--- ENTRIES SHOWN ---
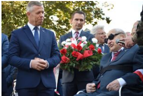
Tarnowskie obchody w 82. rocznicę powstania Polskiego Państwa Podziemnego
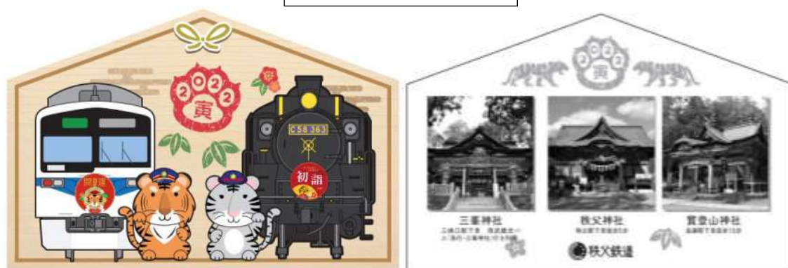
開運記念入場券台紙 イメージ

2022年干支の『寅』をモチーフにした、カラー硬券入場券です。硬券の裏面には、お願い事が書けるようになっています。また、台紙は絵馬型になっており、表面には急行開運号のイラストがデザインされ、裏面には秩父三社を紹介しています。
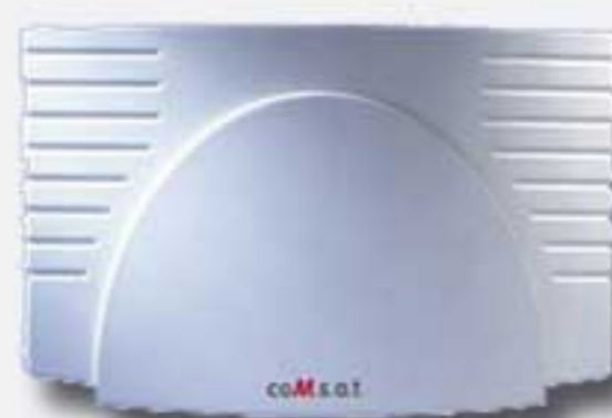
CoMsat - tysk kvalitet med masser af funktionalitet
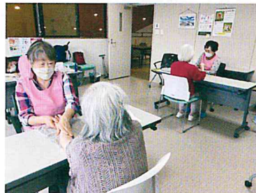
ハンドマッサージボランティアの様子

赤ちゃんから高齢者まで、アロマやハーブを心身の健康に活かす ための勉強会やハンドマッサージボランティアを通して、地域の 方々と心のつながりを持ちたいと思 い活動しています。
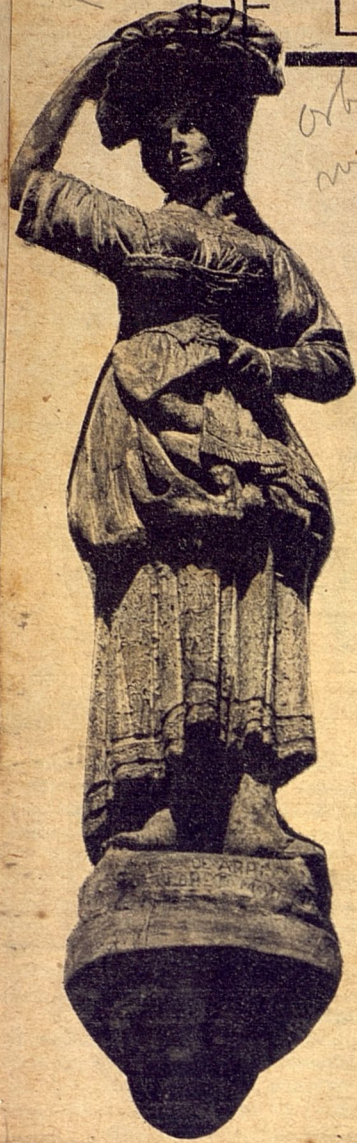
"Vendedora de Frutas de la Casa de las Figuras"
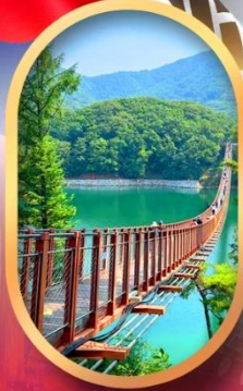
สะพานแขวนมาจิง
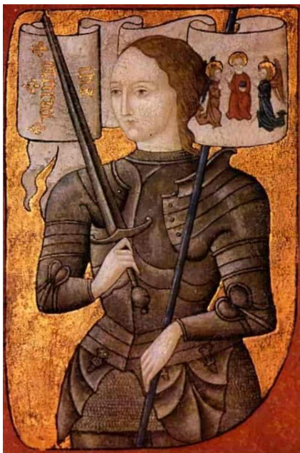
Illustrasjonsbilde 7 – Jeanne d’Arc (Anon., 1450-1500)

Jeanne d’Arc har fått en liten halvside dedikert til sin historie. 145 Gjennom teksten blir hun framstilt som en sterk kvinne som var Frankrikes redning på 1400-tallet. Teksten gir uttrykk for at dette var en kvinne som var svært viktig for Frankrikes historie og kamp mot Storbritannia, og det skrives at hun i ettertid har blitt sett på som et symbol på fedrelandskjærighet i fransk historie. 146 Konkret hva hun gjorde i de franske styrkene annet enn at «...med den unge jomfruen i spissen gikk de franske styrkene fra seier til seier.» kommer ikke fram. 147 Det er brukt mer plass i denne rubrikken på å fortelle om at Storbritannia førte rettsak mot henne og hva hennes henrettelse hadde å si for den franske nasjonalfølelsen, enn å beskrive henne som person og hva hun utrettet. Språket som beskriver henne, kan
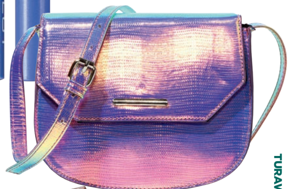
Torebka 49,99 zł Sinsay
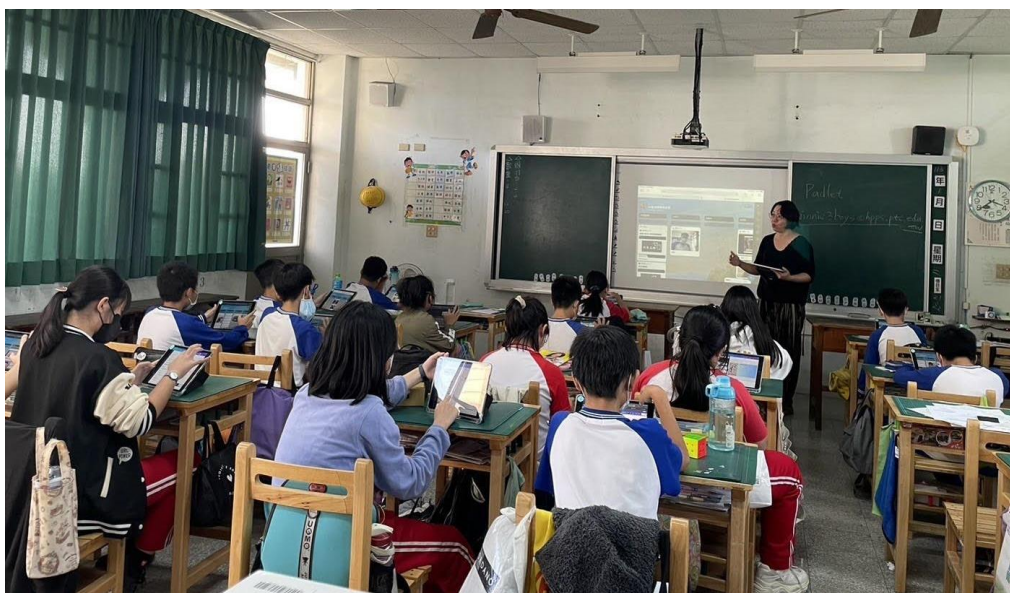
照片 5：指導學生在數位平台上分享
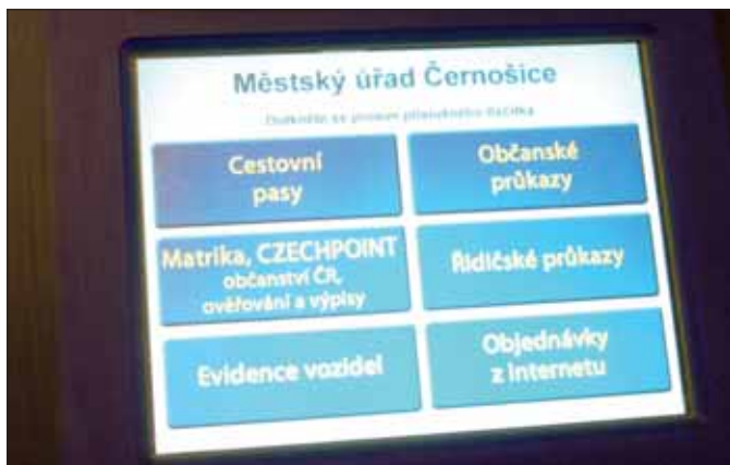
Vyvolávací systém na pracovišti v Podskalské

Pracoviště Městského úřadu Černošice v Praze v Podskalské nabízí občanům velmi zajímavou službu – objednání klienta ke konkrétní přepážce na určitou hodinu prostřednictvím sítě Internet. Na adrese www.mestocernosice.cz v hlavním menu se nachází položka Objednávání klientů – Vyvolávací systém – objednávka pořadového čísla. Objednat se lze na téměř všechny činnosti, včetně evidence vozidel nebo žádosti o pas. V úředních hodinách lze na každou hodinu objednat zatím maximálně dva klienty. Po rezervaci na výše uvedené stránce obdrží každý klient čtyřmístný PIN, prostřednictvím kterého si přímo na úřadě vyzvedne z vyvolávacího systému pořadové číslo. Poté již pouze vyčká na vyvolání svého čísla. (bt, mn)
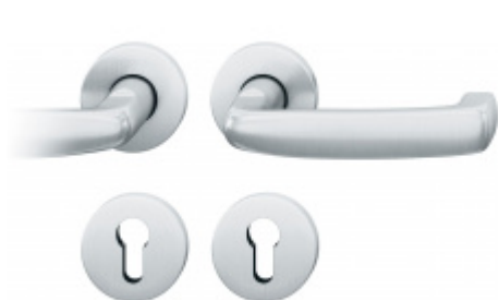
Kování FSB 12 1159 ASL
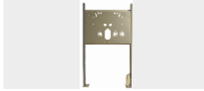
Tvättställsfixtur Universal Justerbar
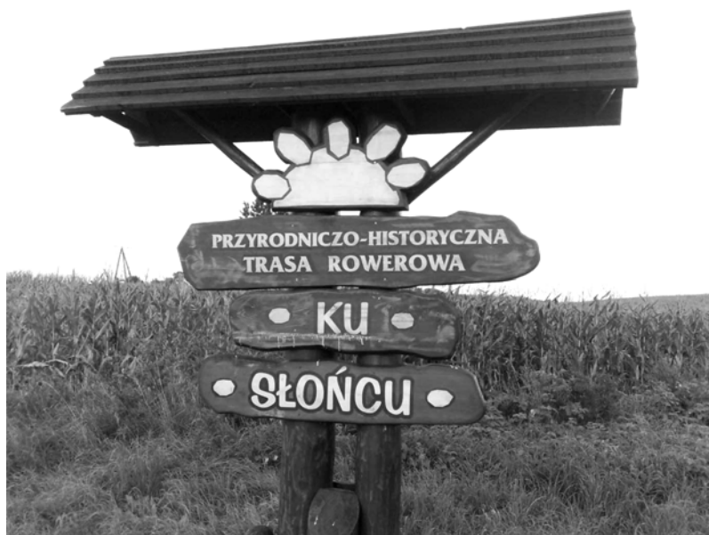
Fragment opisu trasy rowerowej Powiatu Kołobrzeskiego.
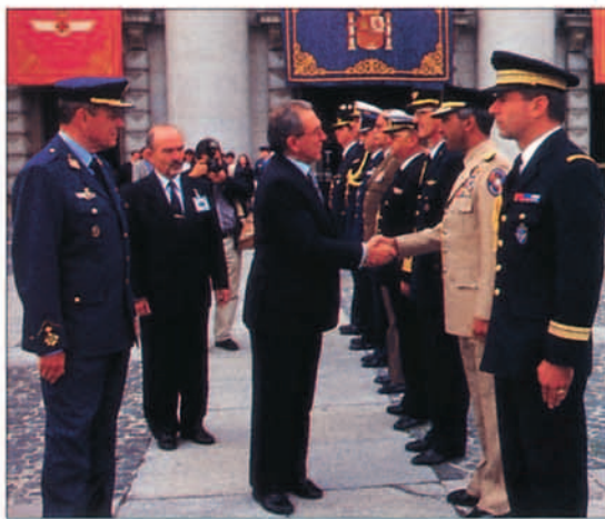
El ministro de Defensa saluda a los agregados militares iberoamericanos, entre los que se encontraba el representante de Chile.

La Declaración de Madrid, suscrita por los jefes de las delegaciones nacionales asistentes al Quinto Congreso (Argentina, Bolivia, Brasil, Colombia, Cuba, Ecuador, España, México, Panamá, Paraguay, Perú, Portugal, República Dominicana, Uruguay y Venezuela, todos ellos miembros de la Federación Internacional de Entidades de Estudios Históricos y Espaciales), es un claro ejemplo de esta preocupación por retomar el lugar que le corresponde a la aeronáutica iberoamericana y a todos aquellos que la hicieron posible. En ella se quiere rendir homenaje a "quienes sentaron las bases y cimientos de la Aviación Iberoamericana,
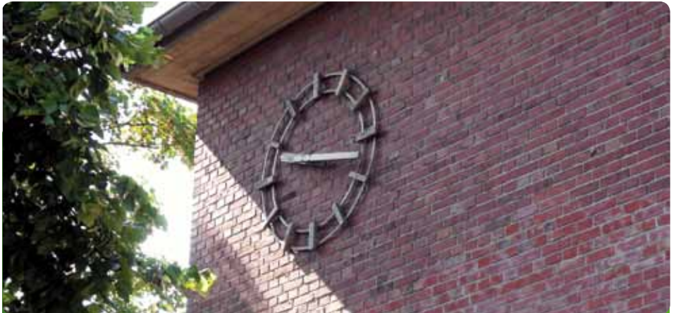
Die Zeit ist reif: Mit dem Konzept „Neue Schule“ von den bei Pisa erfolgreichen Ländern lernen

In den „Neuen Schulen“ lernen Schülerinnen und Schüler in der Regel gemeinsam bis Klasse 9 bzw. 10.
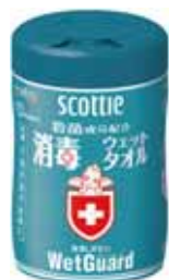
消毒ウェットタオル ウェットガード 80枚
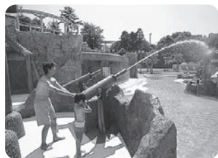
大砲から水を噴出! アクアラグーンの「ウォーターキャノン」。
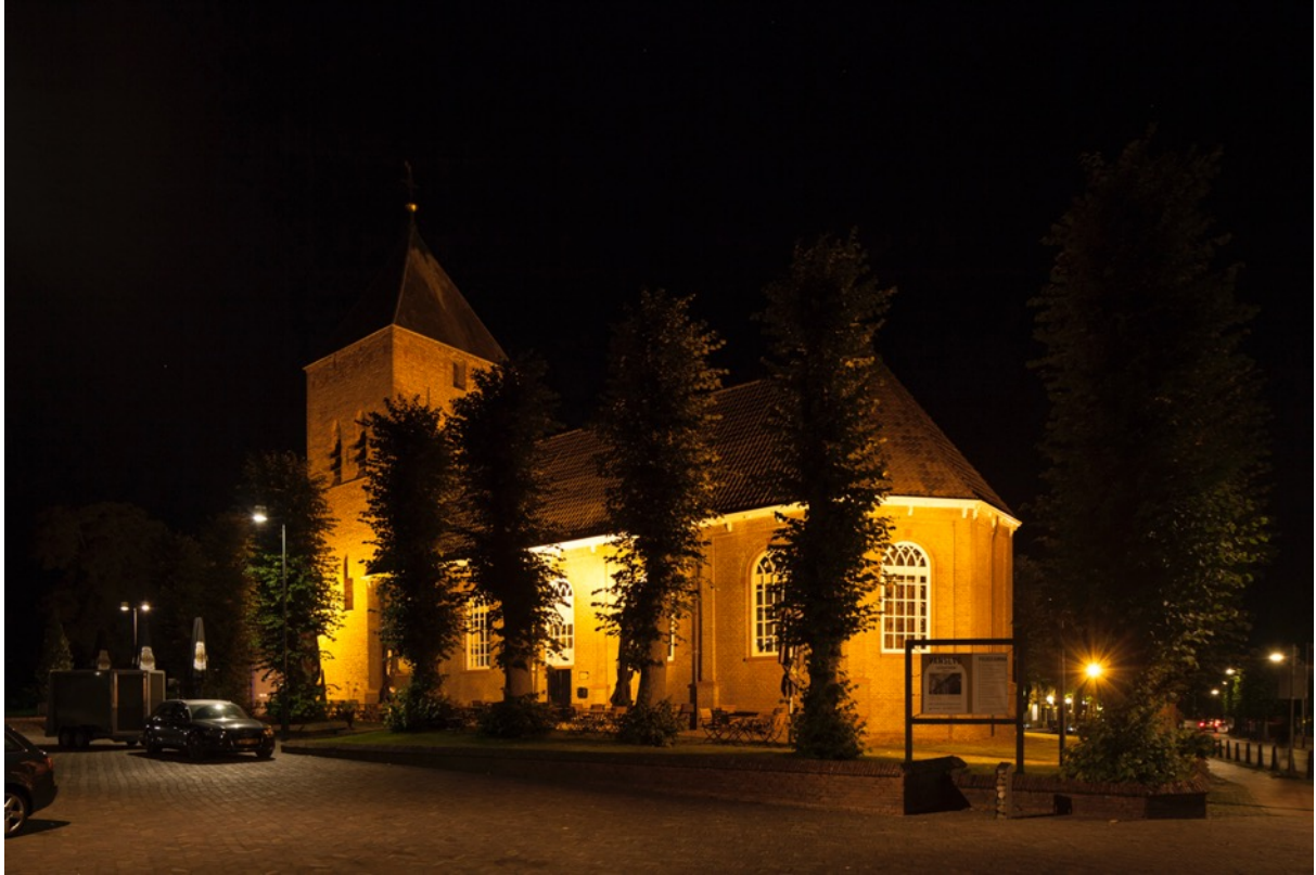
Foto: Kerk N374 in Borger; in de avond prima verlicht, in de nacht kan het uit.

De verlichting dient goed gericht te zijn en niet omhoog te stralen. Zo kan onnodige lichthinder en lichtvervuiling verminderd worden.
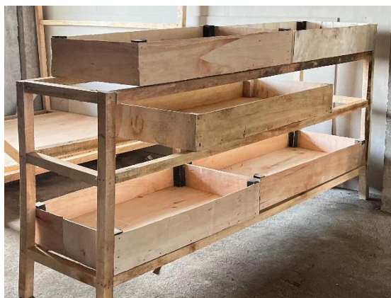
Gambar 5 Wadah pembesaran maggot

Program ini dilanjutkan dengan pembuatan instalasi budidaya meliputi wadah pembesaran (biopond), kandang indukan, dan tempat penempelan telur maggot. Wadah pembesaran maggot berbentuk persegi panjang yang terbuat dari kayu dengan ukuran 1 \times 0.5 \text{ m}^2 sebanyak 5 buah. Kandang maggot terbuat dari jaring hafa berbentuk balok berukuran 2 \times 1 \times 1 \text{ m}^3 , sedangkan tempat penempelan telur dibuat dengan menyusun kayu ukuran 30 cm secara bertingkat. Gambar 5, 6, dan 7 menunjukkan wadah pembesaran maggot, kandang BSF, dan tempat penempelan telur secara berurutan.

--- BRIEF ---
Please return every line in the data that includes the string "lernen".

--- SOLVED EXERCISE ---
Die Zeit ist reif: Mit dem Konzept „Neue Schule“ von den bei Pisa erfolgreichen Ländern lernen
In den „Neuen Schulen“ lernen Schülerinnen und Schüler in der Regel gemeinsam bis Klasse 9 bzw. 10.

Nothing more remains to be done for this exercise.